Pues, a decir verdad, no se puede decir nunca que
intervengamos en el campo de ninguna virtud. Abrimos
vías y caminos, y allí esperamos
que llegue a florecer lo que se llama virtud.
Asimismo, hemos forjado desde
hace un tiempo un tercer ideal, que no estoy muy
seguro de que pertenezca a la dimensión
original de la experiencia analítica -el
ideal de no-dependencia o, más exactamente,
una suerte de profilaxis de la dependencia.
¿No hay aquí también
un límite, una frontera muy sutil, que separa
lo que le designamos al sujeto adulto como deseable
en este registro y los modos bajo los que nos permitimos
intervenir para que lo alcance?
Basta para ello recordar las
reservas verdaderamente fundamentales, constitutivas,
de la posición freudiana, en todo lo concerniente
a la educación. Sin duda, nos vemos llevados
a cada instante, y especialmente los psicoanalistas
de niños, a avanzar en este dominio, a operar
en la dimensión de lo que llamé en
otro lado, en un sentido etimológico, una
ortopedia. Pero es de todos modos llamativo que,
tanto por los medios que empleamos, como por los
mecanismos teóricos que colocamos en un
primer plano, la ética del análisis
-pues hay una- entrañe el borramiento, el
oscurecimiento, el retroceso, incluso la ausencia
de una dimensión cuyo término basta
decir para percatarse de lo que nos separa de toda
la articulación ética que nos precede
-el hábito, el buen hábito.
Esto es algo a lo que nos referimos
mucho menos en la medida en que la articulación
del análisis se inscribe en términos
harto diferentes de los traumas y su persistencia.

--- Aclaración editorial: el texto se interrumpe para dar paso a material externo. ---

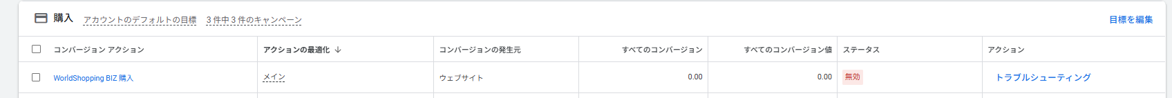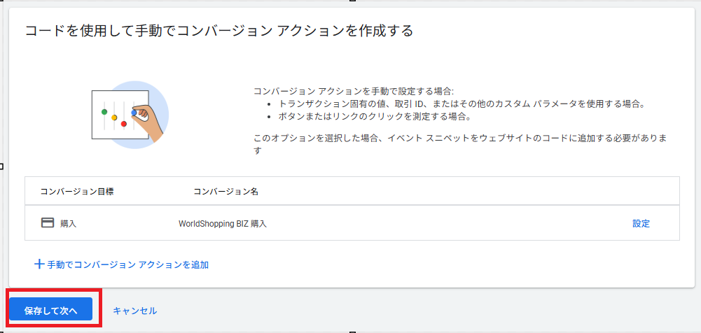 ➡ WorldShopping BIZで発生した購入を、Google広告の「成果」として記録する設定です。

Sin duda, hemos aprendido a atomizar ese trauma,
esa impresión, esa marca, pero la esencia
misma del inconsciente se inscribe en otro registro
que aquel en el que, en la Ética, Aristóteles
mismo acentúa con un juego de palabras, éthos/êthos.
Hay matices extremadamente sutiles
que pueden centrarse en el término de carácter.
La ética en Aristóteles es una ciencia
del carácter.
Formación del carácter,
dinámica de los hábitos, más
aún, acción dirigida a los hábitos,
al adiestramiento, a la educación. Deben
recorrer esa obra tan ejemplar, aunque más
no sea para medir la diferencia de los modos de
pensamiento que son los nuestros con los de una
de las formas más eminentes de la reflexión ética.